Conseguí llegar a una farmacia. El hombre debía estar acostumbrado a toda clase de percances e incidencias de los urbanitas, que se aventuraban en terreno desconocido. “Paracetamol cada 8 horas y descanso”, ese fue su diagnóstico y coincidió con uno de los senderistas que se detuvo a interesarse por mi estado de salud: “si es una costilla, no hay nada más que hacer”.

Al menos pude recuperar la respiración, aunque no podía hinchar mucho el pecho; ni toser; ni reírme; ni hacer movimientos bruscos. Así es que respiraba menos aire, pero más rápido. Me tenía que vestir y desnudar a la velocidad a la que se mueve un camaleón: a cámara lenta. Tampoco podía caminar erguido. Iba encogido, como si tuviera chepa o la clavícula dislocada. Los traspiés eran como un sunami: las ondas de choque terminaban por llegar al costado. Andaba con pánico a pisar una hormiga no me fuera a doler aún más.
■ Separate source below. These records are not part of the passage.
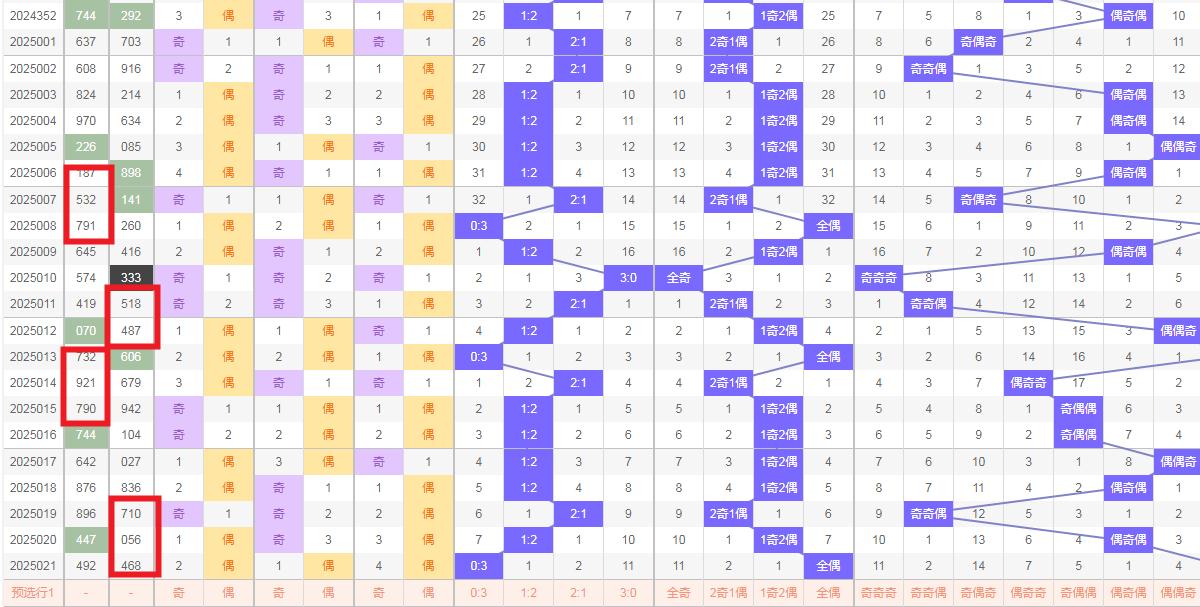 奇偶比例分析 奇偶比例同样是福彩3D分析中的重要一环。022期奇偶比为0:3,即3个偶数。从近期走势图来看,奇偶比例分布较为均衡,没有出现明显的偏态。因此,本期可以继续关注1:2或者2:1的奇偶比例。可以根据这一比例进行号码筛选。
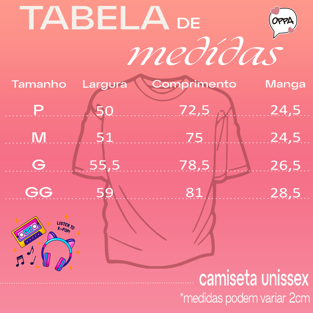 ONICHAN Somos oniichanclothes fabricamos roupas de kpop, anime e cultura oriental. Nossas camisetas são 100% algodão e os nossos moletons canguru/gola redonda 75% algodão e 25% poliéster. As estampas são feitas por DTF este processo por transferência garante que a qualidade da impressão é mantida, ou seja, a solidez da cor é assegurada, entre todas as técnicas de estamparia a DTF é uma das melhores do mercado atualmente. ATENÇÃO** AS MEDIDAS PODEM VARIAR 2cm PARA MAIS OU PARA MENOS Camiseta: .P - Largura: 48 cm - Comprimento - 68 manga Comprimento - 19,5 .M - Largura: 51,5 cm - Comprimento - 72 manga Comprimento - 20 .G - Largura: 53,5 cm - Comprimento - 76 manga Comprimento - 20,5 .GG - Largura: 54 cm - Comprimento - 76,5 manga Comprimento - 21,5 CUIDADOS COM O PRODUTO: - Lave o moletom e a camiseta com o lado da estampa pelo avesso, evite amassá-los - Não utilize alvejante, água: quente, ou lavagem no Modo Pesado da sua máquina - Lave de preferência em água fria, NÃO deixando o seu moletom de molho - Estenda após a lavagem, com secagem de preferência na sombra - Não passe o ferro por cima da estampa - Passe sempre pelo avesso e utilize preferencialmente uma tábua de passar forrada. Se você ainda tiver qualquer dúvida, envie sua pergunta pelo chat , iremos responder o mais rápido possível.
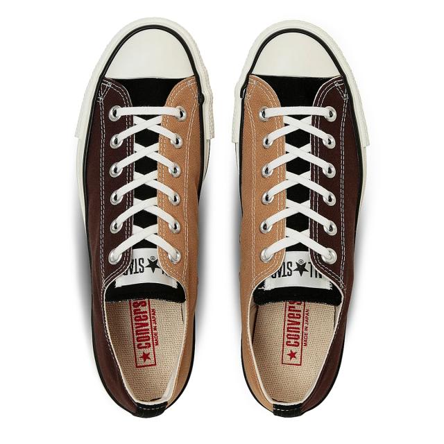 ヒールラベルの下部に印字した「MADE IN JAPAN」の文字、日本国旗をイメージして赤字で印したインソールのコンバースロゴが特別感を演出。

Se terminaron las excursiones por el idílico ambiente de Irati. Acostarme e incorporarme en la cama, me llevaba más tiempo que zigzaguear a un petrolero. Cambiar de postura era imposible: todos los órganos se desplazaban hacia las costillas doloridas y sólo podía estar boca arriba. Y gracias.

Ante semejante panorama, tuve que acortar los días de estancia y regresar a casa.

Por lo demás, muy bonito Irati. Un recuerdo imborrable. Muchas de mis fotos lo atestiguan.